The European Commission calculated the rate of tax for one of Apple’s Irish companies for one year had been just 0.005 per cent.

After the EU announced in 2013 that it was investigating Apple’s Irish arrangement, the Irish government decided that firms incorporated there could no longer be stateless for tax purposes.

In order to keep its tax rates low, Apple needed to find an offshore financial centre that would serve as the tax residency for its Irish subsidiaries.

The Paradise papers, seen by the BBC, show that Apple chose Jersey, a UK Crown dependency that makes its own tax laws and has a 0 per cent corporate tax rate for foreign companies.

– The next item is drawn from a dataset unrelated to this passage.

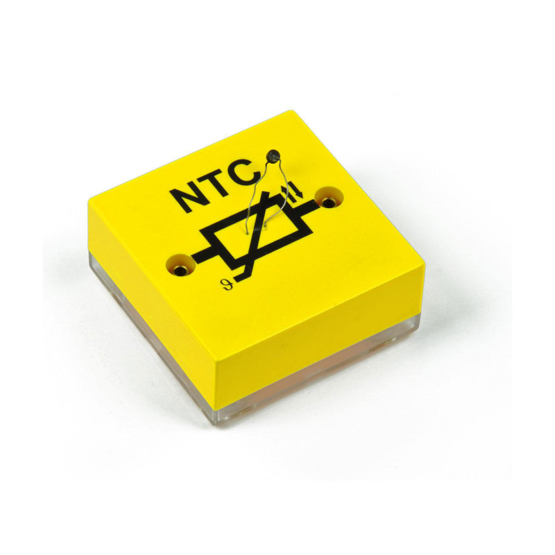 Magnetbaustein compact - System (MBC), Baustein NTC Widerstand (Negative Temperature Coefficient) Heißleiter; robustes Kunststoffgehäuse (ABS) mit transparenter Bodenplatte, der Bauteil ist daher gut sichtbar, jedoch ebenso vor mechanischen Schäden geschütztSchaltsymbol aufgedruckt (Siebdruck) zwei Buchsen, auch für 4-mm Sicherheitsstecker geeignetBodenplatte abnehmbar, mit inliegenden Neodymium MagnetenWiderstandswert: 4k7Temperatur: -55 ... +125 °CAbmessungen: 84 x 84 x 39 mmMasse: 76 g

The documents show Apple’s two key Irish subsidiaries, Apple Operations International (AOI), believed to hold most of Apple’s massive $252bn (£191bn) overseas cash hoard, and Apple Sales International (ASI), were managed in Jersey from the start of 2015 until early 2016 – enabling Apple to continue avoiding billions in tax around the world.

Apple’s 2017 accounts showed they made $44.7bn (£33.9bn) outside the US and paid just $1.65bn (£1.25bn) in taxes to foreign governments, a rate of around 3.7 per cent – less than a sixth of the average rate of corporation tax in the world.

The Jersey connection has been revealed after Apple’s legal advisers, in March 2014, sent a questionnaire to Appleby, a leading offshore finance law firm and source of much of the Paradise Papers leak.

It asked what benefits different offshore jurisdictions – the British Virgin Islands, Bermuda, the Cayman Islands, Mauritius, the Isle of Man, Jersey and Guernsey – could offer Apple.

The document asked key questions such as was it possible to “obtain an official assurance of tax exemption” and could it be confirmed that an Irish company might “conduct management activities … Without being subject to taxation in your jurisdiction”.

Leaked emails also make it clear that Apple wanted to keep the move secret and for it “only to be discussed among personnel who need to know”.

The 13.4 million documents were obtained by the German daily Süddeutsche Zeitung and shared with other international media organisations.

Apple has responded to the reports, saying the company “pays every dollar it owes in every country around the world”.

In a lengthy statement, the firm reposted parts of a statement it had put out in response to a New York Times story on the company's tax arrangements last month. It said: “We’re proud of the economic contributions we make to the countries and communities where we do business.”

“The debate over Apple’s taxes is not about how much we owe but where we owe it. As the largest taxpayer in the world we’ve paid over $35 billion in corporate income taxes over the past three years, plus billions of dollars more in property tax, payroll tax, sales tax and VAT. We believe every company has a responsibility to pay the taxes they owe and we’re proud of the economic contributions we make to the countries and communities where we do business.

“Under the current international tax system, profits are taxed based on where the value is created. The taxes Apple pays to countries around the world are based on that principle. The vast majority of the value in our products is indisputably created in the United States — where we do our design, development, engineering work and much more — so the majority of our taxes are owed to the US.”